Anyway – clearly I’ve lived. I’ve been living. I’m alive. I’m gaining wrinkles and lines and scars like a freaking BOSS.

But none of that has really set in. I don’t have any confidence in myself as a person. I actually lost a lot of my swagger in 2003, which is a large part of the reason why I can have a teaching degree without ever having set foot in a classroom as a paid teacher. I just stopped believing I could do it. And then in 2007, I stopped believing I could do anything. I stopped believing I was a good choice to be here, in this world. I stopped believing I had anything of value to contribute.

So since that day in 2007, I’ve basically been killing time. And it’s pretty miserable. Even when I do awesome things, the feeling I get from having done it is so fleeting. So temporary. More like a dream of something that happened, instead of something I actually did or participated in. Because the walls are up now and they are very high – I can’t see over them. I just imagine what’s on the other side and once in awhile I imagine myself over there, too, but it doesn’t feel real. It’s just a daydream to pass the time, from one day to the next. For seven years.

Now, in my very logical brain, I know that this is my thing to remedy. I know it was a ridiculous response in the first place, and to drag it out this long is even more so. It’s become a habit. I can’t even remember how to be different anymore.

So what I need to do is find a new way to be different.

Which sounds simple, but even as I type it, competing thoughts exist in my head at the same time.

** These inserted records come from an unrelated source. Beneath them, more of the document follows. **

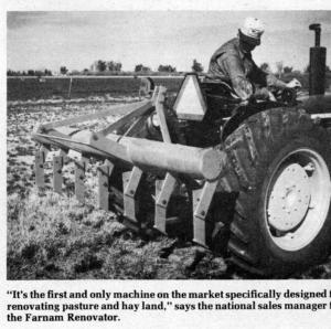 "It's the first and only machine on the market specifically designed for renovating pastures and hay land," explains Bill Remias, manager of sales for the new Farnam Renovator. "It doesn't rip or chisel but slices the soil. The idea is to open the soil for aeration and moisture penetration without disturbing the topsoil, thus minimizing erosion and loss of topsoil moisture through evaporation.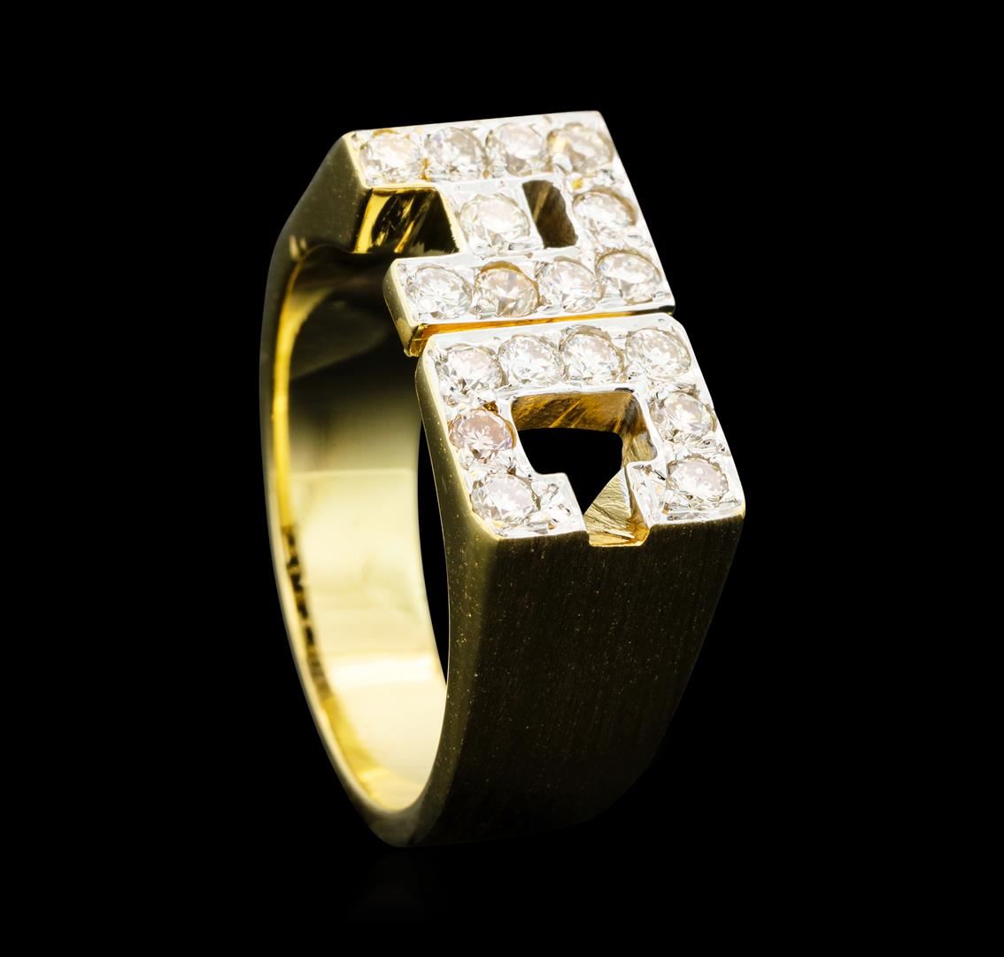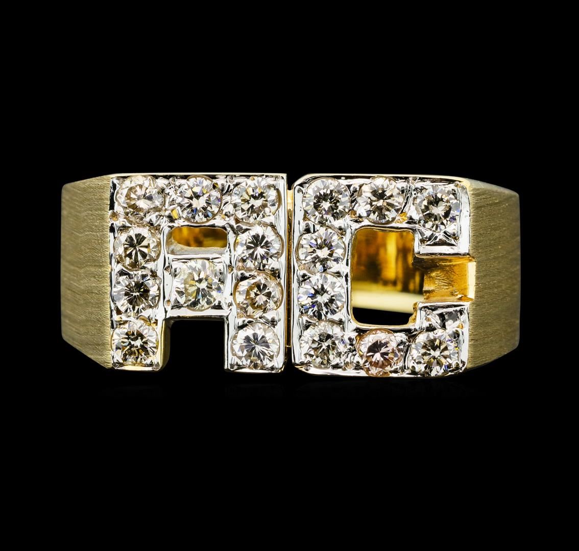 One diamond "AC" initial ring featuring: 14KT yellow gold weighing 11.20 grams containing diamonds weighing 0.50ctw.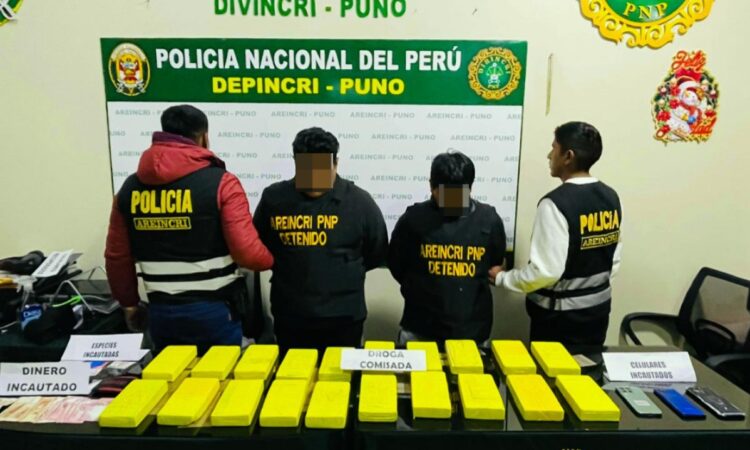 En horas de la noche, agentes policiales del Areincri Puno intervinieron en la carretera Panamericana Sur en la salida a Ilave a una camioneta Toyota Hilux de placa de rodaje BAL-782 donde iban dos varones, tras solicitarles sus documentos revisaron el vehículo hallando una bolsa grande de polietileno de color rojo y blanco conteniendo 20 paquetes, tipo ladrillo, precintados con cinta de embalaje de color amarillo, los que contenían una sustancia blanquecina compacta, con una imagen de un delfín en bajo relieve.
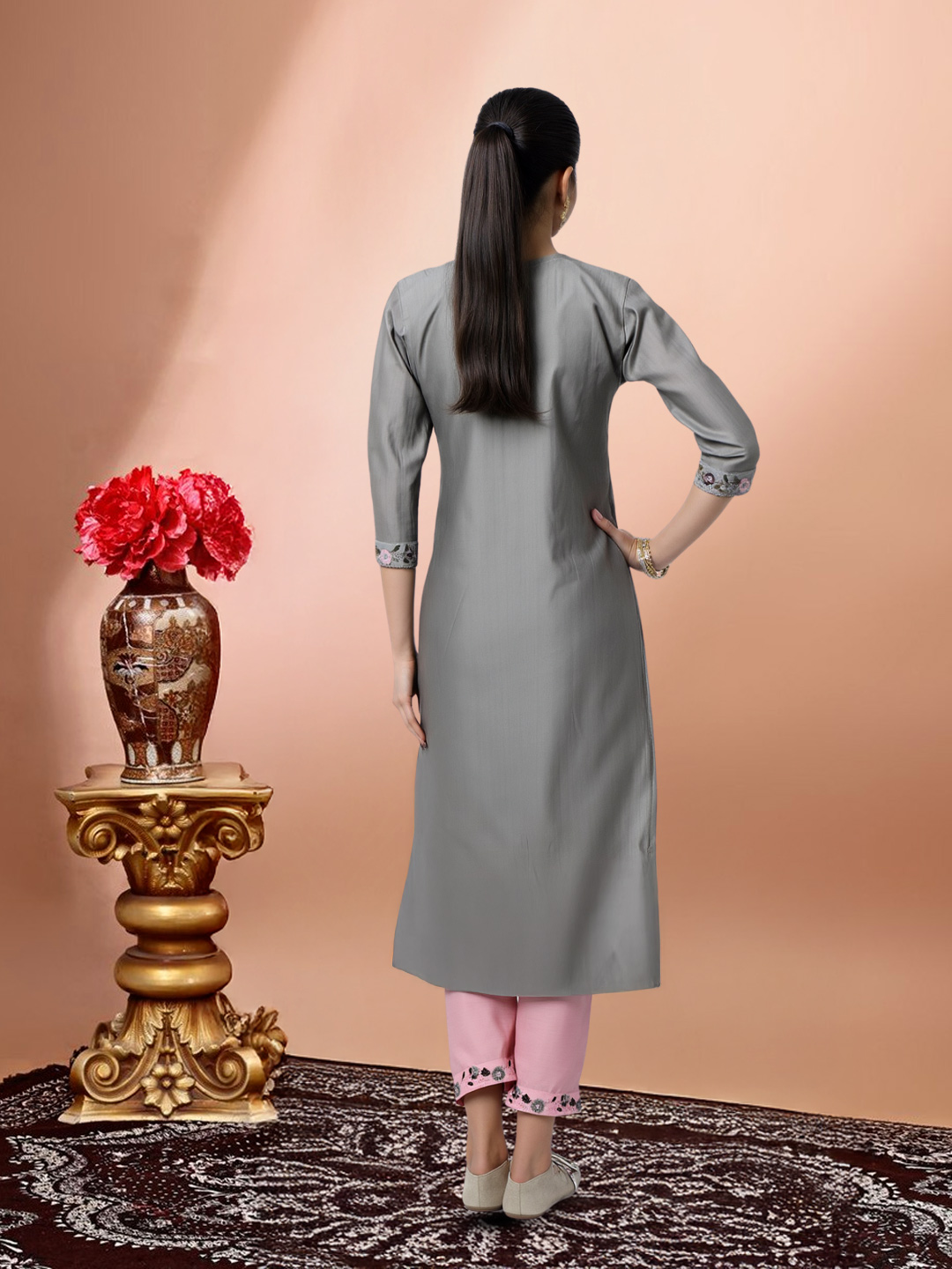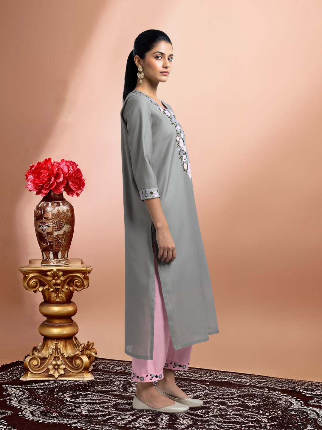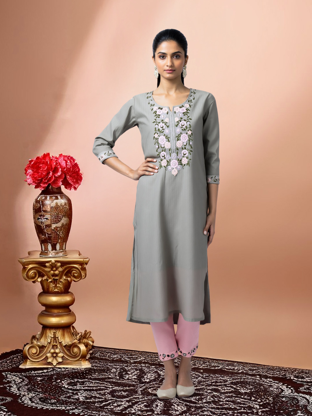 Embrace the art of understated beauty with this Floral Embroidery Kurta with Pant Set. The notched neckline and straight-cut silhouette create a sleek, modern look, while the matching churidar pants offer a perfect fit. The lightweight dupatta with its delicate drape completes this stunning, comfortable outfit—ideal for festive and formal occasions.

For example, I have what I think is an amazing idea for a themed bar/pub I’d love to open. I know it’s amazing because it’s somewhere I’d freaking LOVE to frequent. I have it all set up in my head, and some even on paper. I’ve researched a series of possible steps to take to make it happen. And then I remember – I’ve never worked in a bar, let alone run one. I’ve never run ANY sort of business before. I’ve never even been a manager, unless you count those months at the Great Canadian Bagel when I got promoted to manager of our kiosk because all the other staff returned to school in the fall. But I don’t really think that counts.

I have a pretty good idea about what customers want, as I’ve been in customer service since forever, and that alone makes me a great customer for others. But would it make me a great business owner? Not bloody likely.

But man, the place would be incredible. Maybe. It COULD be incredible, at least.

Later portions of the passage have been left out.